Recorded data:
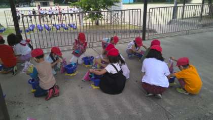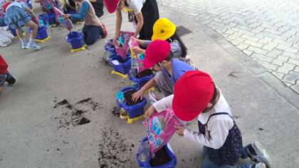 2年生はミニトマトを育てるために、植木鉢に新しい土を入れて種を植えました。これから毎日水やりをします。たくさんミニトマトができますように。
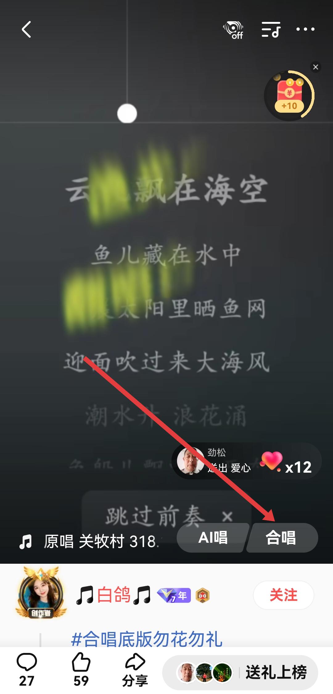 3、進入歌曲播放的界面,然后點擊底部的合唱按鈕,即可加入該合唱。
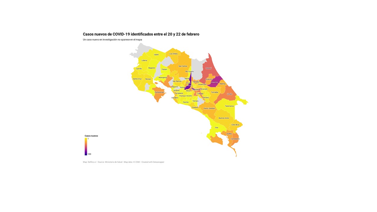 El Ministerio de Salud de Costa Rica informó la tarde de hoy que los 996 casos nuevos de COVID-19 registrados entre el 20 y 22 de febrero en el país se ubican en 73 de los 82 cantones. Los que no reportaron casos nuevos son: Cañas, Dota, Guatuso, Hojancha, La Cruz, Montes de Oro, San Mateo, Sarapiquí y Zarcero.
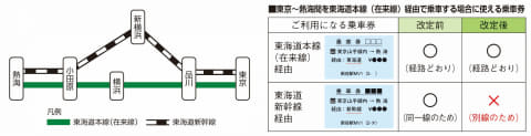 制度面では、JR他社にまたがる乗車に「通算加算方式」を導入し、全区間の距離に対してJR各社の乗車区間分の加算額を上乗せして運賃を算出する。また、東京~熱海間では東海道新幹線と東海道本線(在来線)を別線として扱い、新幹線経由と在来線経由を区別して発売する。なお、東海道新幹線(東京~熱海間)を含む定期券は値上げとなるが、利用方法に変更はない。

What this task involves: Reproduce the data verbatim and omit each image.

Written reply:
 2年生はミニトマトを育てるために、植木鉢に新しい土を入れて種を植えました。これから毎日水やりをします。たくさんミニトマトができますように。
 3、進入歌曲播放的界面,然后點擊底部的合唱按鈕,即可加入該合唱。
 El Ministerio de Salud de Costa Rica informó la tarde de hoy que los 996 casos nuevos de COVID-19 registrados entre el 20 y 22 de febrero en el país se ubican en 73 de los 82 cantones. Los que no reportaron casos nuevos son: Cañas, Dota, Guatuso, Hojancha, La Cruz, Montes de Oro, San Mateo, Sarapiquí y Zarcero.
 制度面では、JR他社にまたがる乗車に「通算加算方式」を導入し、全区間の距離に対してJR各社の乗車区間分の加算額を上乗せして運賃を算出する。また、東京~熱海間では東海道新幹線と東海道本線(在来線)を別線として扱い、新幹線経由と在来線経由を区別して発売する。なお、東海道新幹線(東京~熱海間)を含む定期券は値上げとなるが、利用方法に変更はない。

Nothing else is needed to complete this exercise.